CASE NO. 5834 CRB-2-13-4

COMPENSATION REVIEW BOARD

WORKERS’ COMPENSATION COMMISSION

FEBRUARY 20, 2014

JOHN FERREE

CLAIMANT-APPELLEE

v.

TOWN OF WEST HARTFORD

EMPLOYER

SELF-INSURED

and

PMA MANAGEMENT CORP. OF NEW ENGLAND

ADMINISTRATOR

RESPONDENTS-APPELLANTS

APPEARANCES:

The claimant was represented by Charles K. Norris, Esq., Chinigo, Leone & Maruzo, LLP, 141 Broadway, PO Box 510, Norwich, CT 06360.

The respondents were represented by Melissa A. Murello, Esq., Montstream & May, LLP, 655 Winding Brook Drive, PO Box 1087, Glastonbury, CT 06033.

This Petition for Review from the April 3, 2013 Ruling on Motion to Transfer of the Commissioner acting for the Second District was heard September 27, 2013 before a Compensation Review Board panel consisting of the Commission Chairman John A. Mastropietro and Commissioners Charles F. Senich and Ernie R. Walker.

OPINION

JOHN A. MASTROPIETRO, CHAIRMAN. The respondent Town of West Hartford has appealed from a decision reached by the trial commissioner hearing this case that proceedings should move to the Second District office in Norwich from the Sixth District office in New Britain.
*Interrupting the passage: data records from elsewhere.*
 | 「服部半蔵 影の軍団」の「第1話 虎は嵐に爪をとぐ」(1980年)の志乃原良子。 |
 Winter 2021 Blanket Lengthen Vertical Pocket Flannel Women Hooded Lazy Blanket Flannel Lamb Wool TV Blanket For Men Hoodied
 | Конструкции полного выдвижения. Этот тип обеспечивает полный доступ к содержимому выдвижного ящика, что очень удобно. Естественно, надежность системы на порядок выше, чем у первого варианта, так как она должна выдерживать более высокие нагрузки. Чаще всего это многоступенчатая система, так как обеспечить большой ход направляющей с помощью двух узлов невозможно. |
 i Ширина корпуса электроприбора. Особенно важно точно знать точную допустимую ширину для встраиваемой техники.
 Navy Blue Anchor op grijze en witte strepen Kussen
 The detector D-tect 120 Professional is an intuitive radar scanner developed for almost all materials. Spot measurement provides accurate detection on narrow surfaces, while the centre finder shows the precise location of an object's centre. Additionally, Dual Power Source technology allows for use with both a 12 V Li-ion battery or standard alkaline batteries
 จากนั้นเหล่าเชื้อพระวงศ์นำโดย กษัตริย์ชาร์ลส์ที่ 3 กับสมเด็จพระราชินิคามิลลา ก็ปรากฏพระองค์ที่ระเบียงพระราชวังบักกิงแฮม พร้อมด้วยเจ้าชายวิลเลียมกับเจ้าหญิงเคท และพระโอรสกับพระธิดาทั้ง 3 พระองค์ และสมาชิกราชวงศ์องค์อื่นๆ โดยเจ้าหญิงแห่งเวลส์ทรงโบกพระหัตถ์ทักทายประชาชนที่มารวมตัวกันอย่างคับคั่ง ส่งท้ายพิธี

The respondent argues that this action is in derogation of a 1923 court decision regarding the transfer of hearings between districts. We note that this is an interlocutory appeal, and the substantive issues before the trial commissioner have yet to be addressed. Therefore, for the reasons stated in Quinones v. RW Thompson Company, Inc., 5792 CRB-1-12-10 (January 16, 2014) and Kuba v. Michael’s Landscaping & Lawn Service, 4266 CRB-4-00-7 (August 29, 2001), we deem this matter unripe for appellate consideration. We remand this matter to the trial commissioner for further proceedings.
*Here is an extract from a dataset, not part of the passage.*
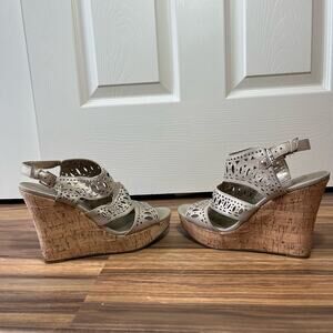 Guess Platform Sandals Cork Wedge Open Toe Perforated Cut-Out
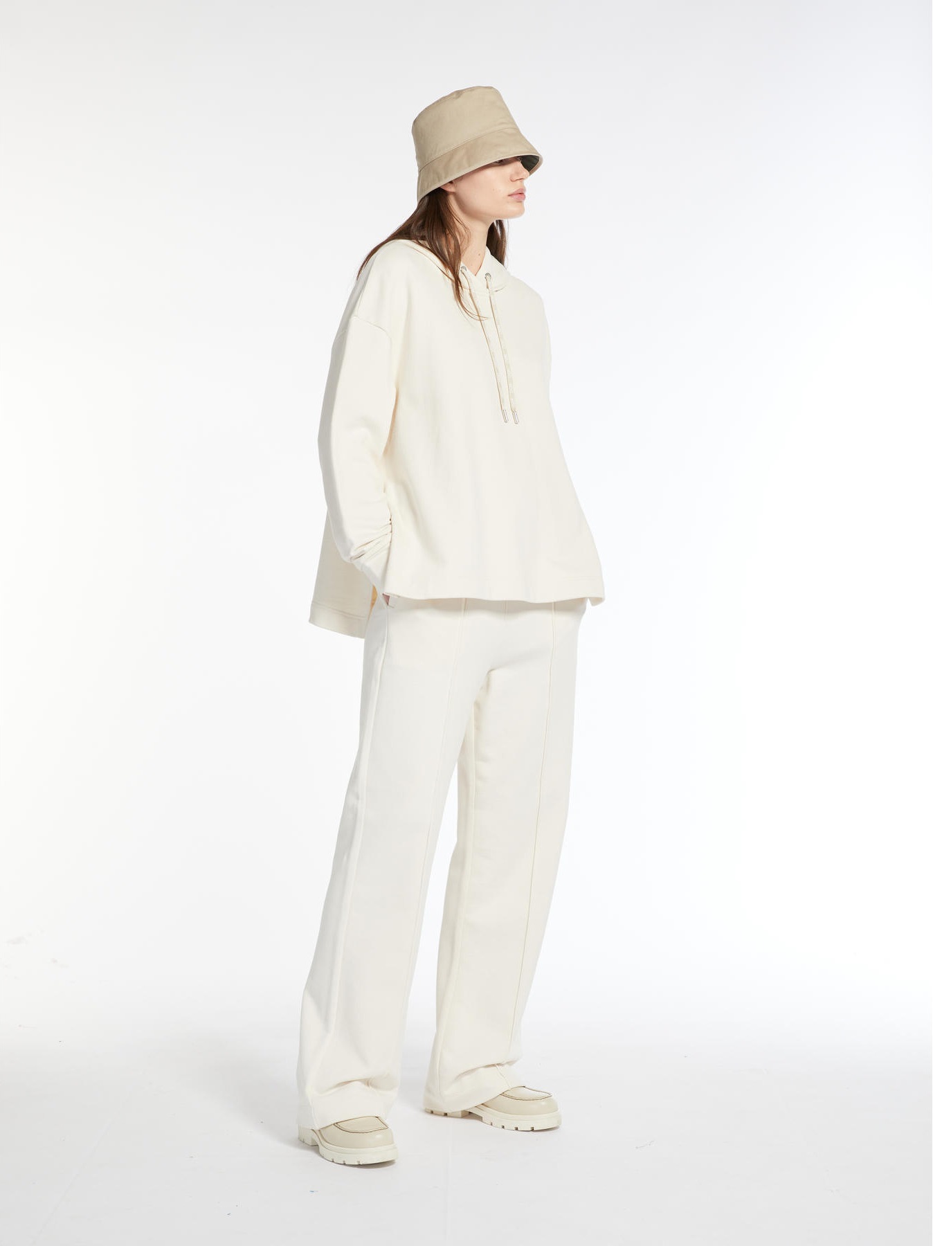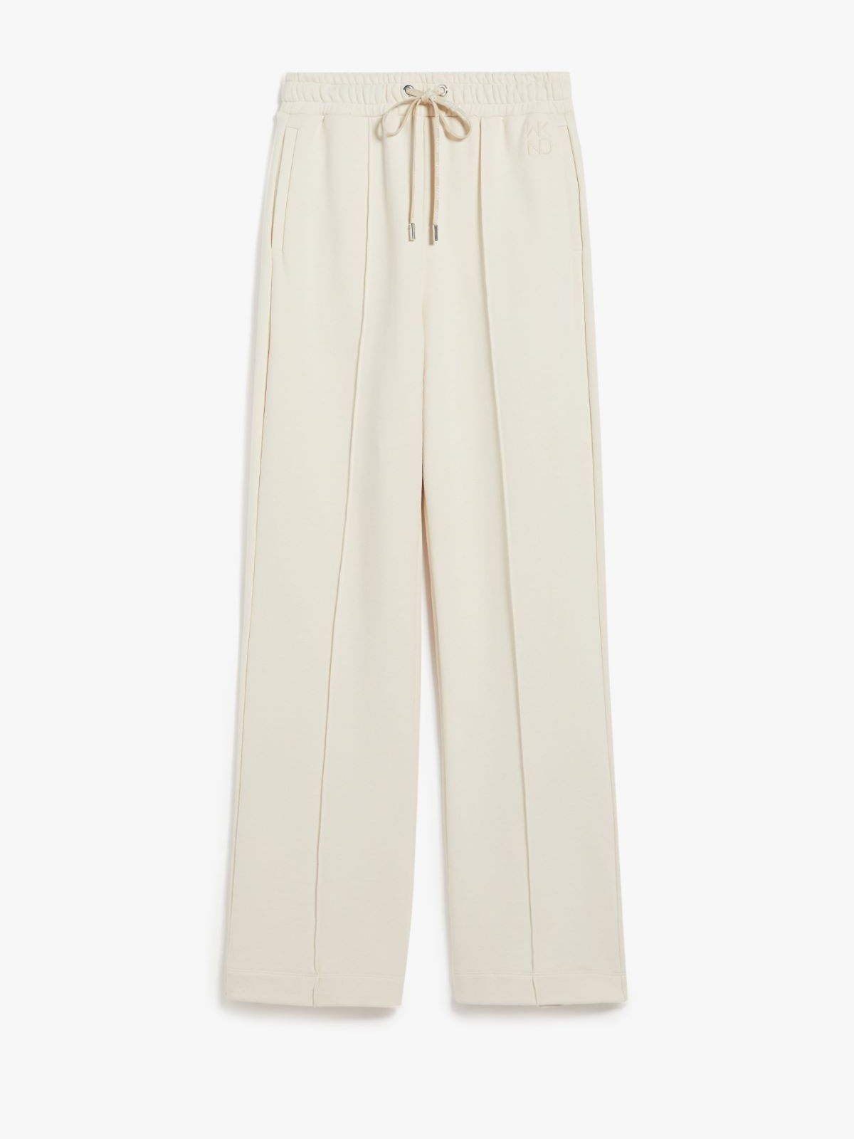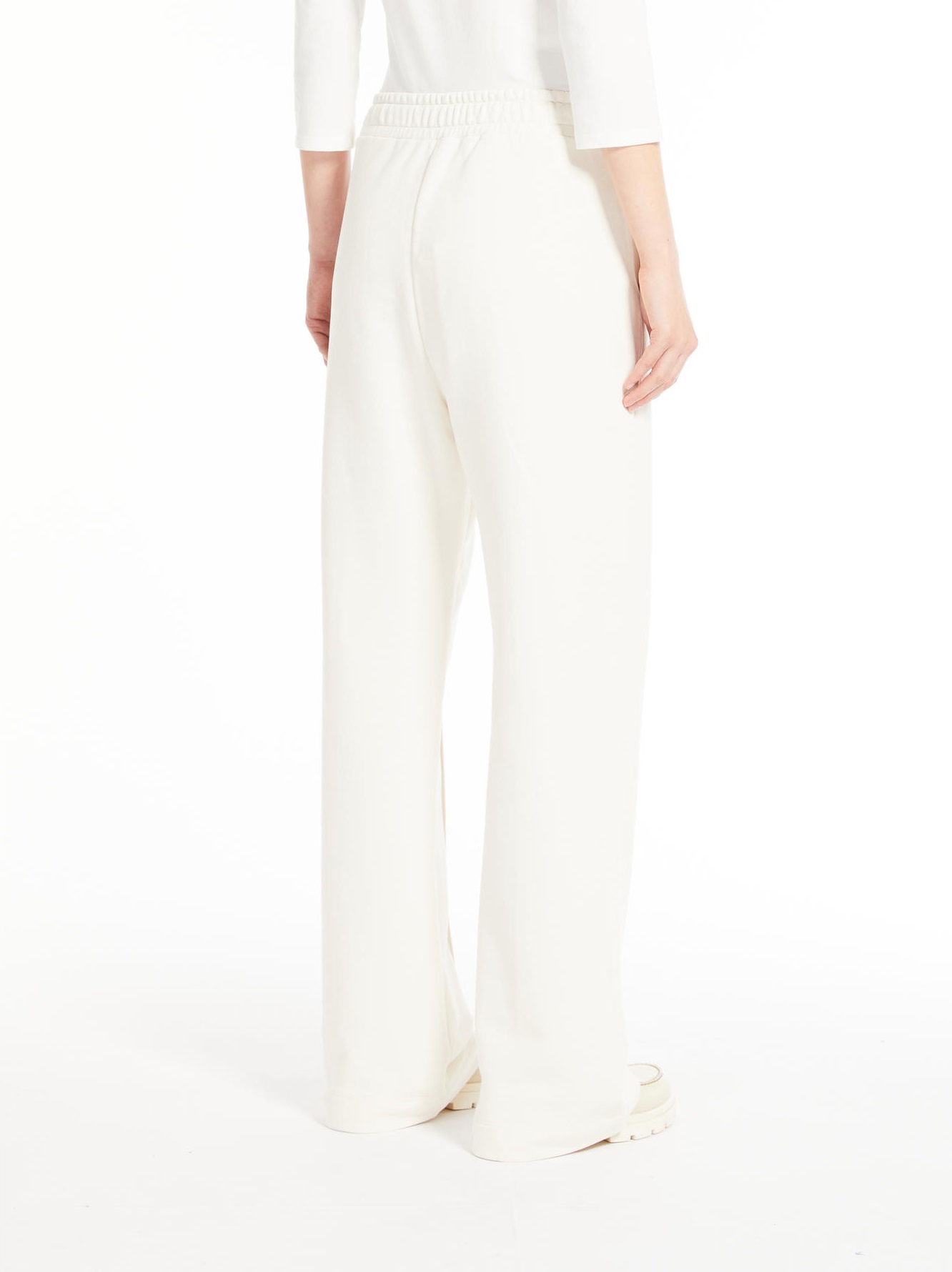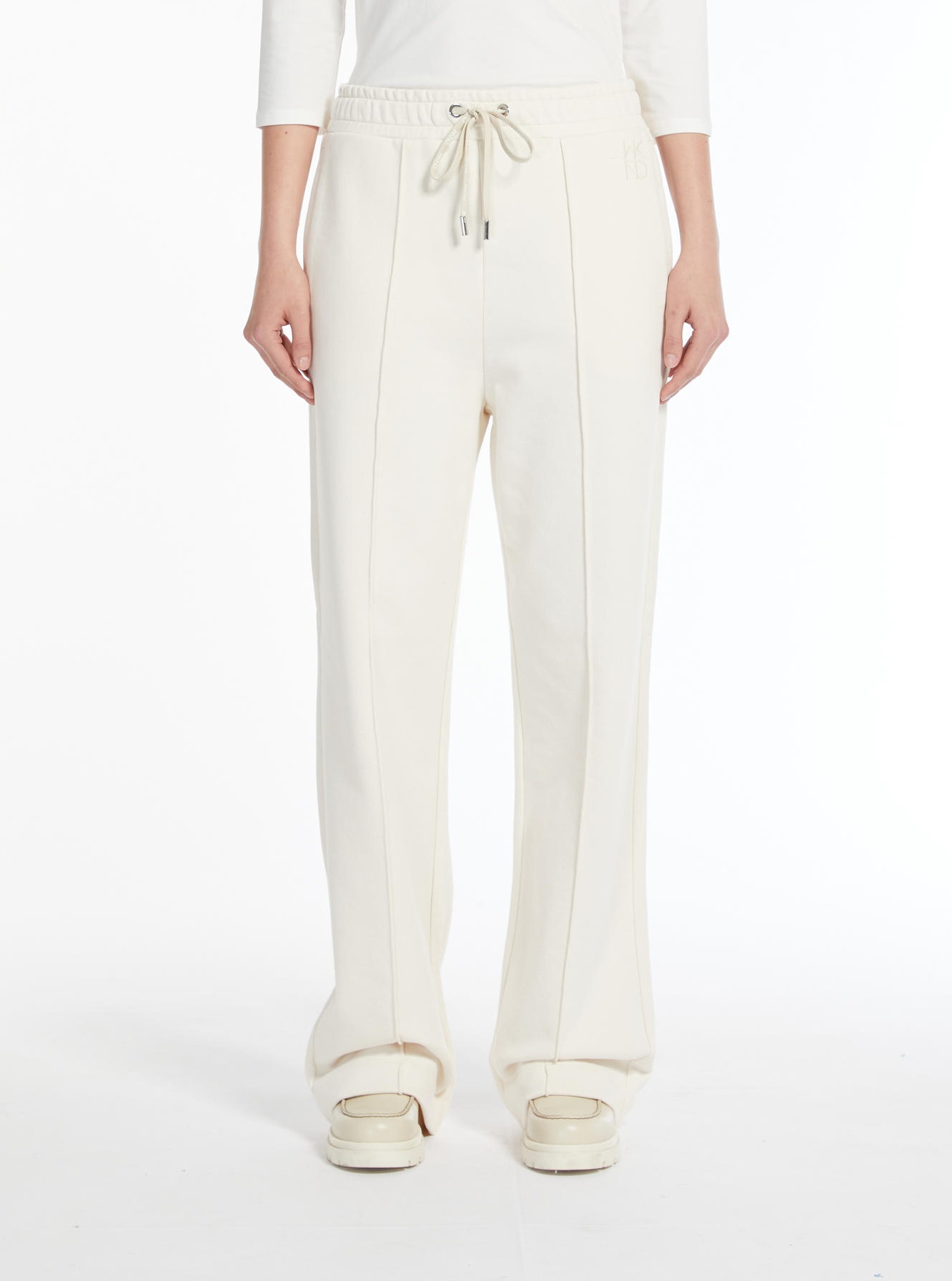 Брюки из мягкого флиса из органического хлопка имеют прямые штанины и регулируемый эластичный пояс на шнурке. Модель имеет косые боковые карманы, штампованную складку и логотип Weekend Max Mara сбоку.

The following facts are relevant to our consideration. On August 18, 2011 the late Commissioner Clifton E. Thompson responded to an objection filed by counsel for the respondent and an inquiry as to the reasons why this claim was being transferred to the Second District. Commissioner Thompson advised that the claimant had requested the transfer as he lived in Hebron and that in accordance with § 31-297 C.G.S.1 hearings were to occur in the town where the claimant resides, or if that was not possible, in a convenient place as prescribed by the commissioner. On March 29, 2013 the respondent restated their objection to the file being assigned to the Second District. On April 3, 2013 Commissioner David Schoolcraft heard oral argument on the respondent’s objection and ruled against it. The respondent filed a Motion for Articulation dated April 17, 2013 seeking to elicit Commissioner Schoolcraft’s rationale for denial of their objection. Commissioner Schoolcraft issued an Articulation on April 29, 2013 explaining his legal basis for denying the respondent’s objection. The present appeal ensued.
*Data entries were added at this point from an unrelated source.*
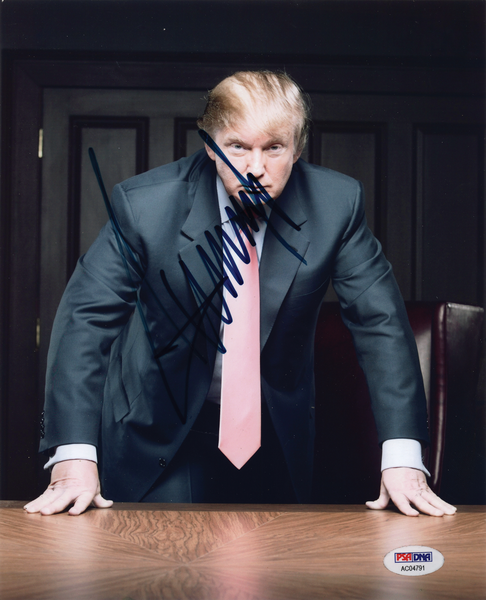Color glossy 8 x 10 photo of Donald Trump in a suit and tie, prominently signed in blue felt tip. In fine condition, with a PSA/DNA label affixed to the lower right corner (certificate of authenticity not present).
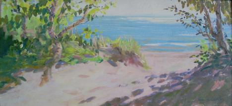 Lake Michigan Morning, oil on panel, 7.5" x 15"
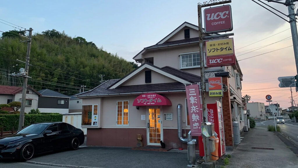 「ソフトタイム」は、昭和レトロな雰囲気が魅力の喫茶・三津浜焼き店です。店内にはフクロウの置物やクラシカルな装飾があり、訪れる人に懐かしさと安心感を与えます。三津浜焼きはそば入りや肉・卵を重ねた定番スタイルで、外は香ばしく中はもちもち。甘辛のソースやマヨネーズで自分好みに仕上げられるのも嬉しいポイントです。焼きうどんやカレーライスなど他のメニューも豊富で、食事やティータイムにも最適です。
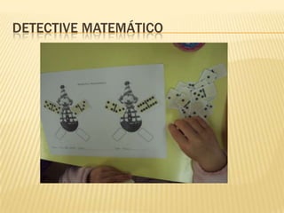 O documento descreve uma atividade chamada "Detective Matemático" que usa dominós para descobrir números. A atividade envolve resolver mistérios matemáticos usando peças de dominó. A atividade é repetida várias vezes no documento.
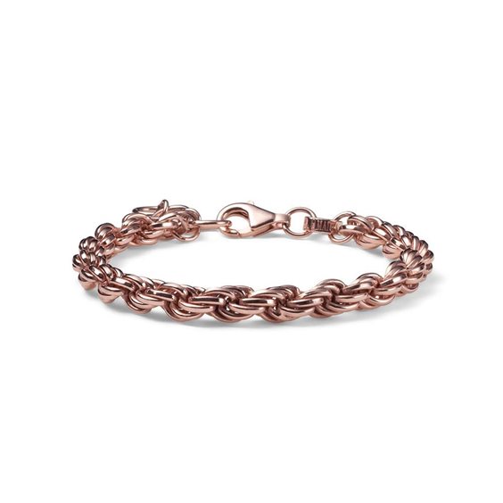 Il bracciale torchon Maria Cristina Sterling G4322R della Collezione Encanto è realizzato in argento 925 placcato oro rosa. La chiusura è a moschettone. La lunghezza è regolabile da 16 a 19 cm. Questo gioiello è interamente realizzato a mano secondo la tradizione orafa fiorentina e disegnato da Alessandro Magrino.

We note that we have frequently ruled on rulings on interlocutory motions appealed to this tribunal. Those rulings, however, have generally resolved a significant dispute between the litigants which warranted appellate review. As we noted in Quinones, supra,

[u]nless the immediate actualization of an interlocutory ruling may result in some form of irreparable harm, such as the disclosure of sensitive and confidential information to opposing counsel; see Vetre v. State/Dept. of Children and Youth Services, 3948 CRB-6-98-12 (February 14, 2000); this board discourages parties from filing appeals before the commissioner has had a chance to rule on the merits of a case.

Citing Richardson v. Bic Corporation, 4953 CRB-3-05-6 (September 7, 2006).

The substantive argument advanced by the respondent in objecting to the hearing being held in Norwich is one of convenience. They argue that the witnesses they would present to a hearing are located closer to New Britain. We find no argument herein that this decision being appealed herein would in any de facto or de jure manner prevent the respondents from presenting any and all witnesses supportive of its case.2

We cannot identify the irreversible harm that would occur to the respondent were this case to go forward and the trial commissioner reach a decision on the merits. The respondent could present for our consideration any and all errors made by the trial commissioner in the underlying proceeding if and when they appealed a final decision. In Gorelick v. Montanaro, 94 Conn. App. 14 (2006) the Appellate Court opined that an appeal should not be considered if “we observe no risk of loss of any cognizable right if appellate review is delayed until final judgments enter.” Id., 33.

We also note that the case relied upon by the respondent, Jester v. Thompson, 99 Conn. 236 (1923) was cited extensively by the Supreme Court in Dixon v. United Illuminating, Co., 232 Conn. 758 (1995), but that opinion reflects a declaration that issues as to the transfer of files are now governed by § 31-280(b) C.G.S. Id., 774.3 The court in Dixon remanded the matter for a hearing as the underlying reason for the transfer of that case was an issue of perceived bias by a trial commissioner, for which a hearing as to disqualification should have been held under § 31-278 C.G.S. Id., 777-779. In regards to the strictly administrative transfer of files, the Dixon decision unequivocally found that there was no due process right to have a case heard in a specific district. Id., 775. Dixon also suggested decisions by the Chairman as to the locations of hearings are not properly subject to review by the Compensation Review Board. Id., 776.4

We are of the opinion the present dispute is unripe for appellate adjudication. We therefore remand this case to the trial commissioner for further proceedings.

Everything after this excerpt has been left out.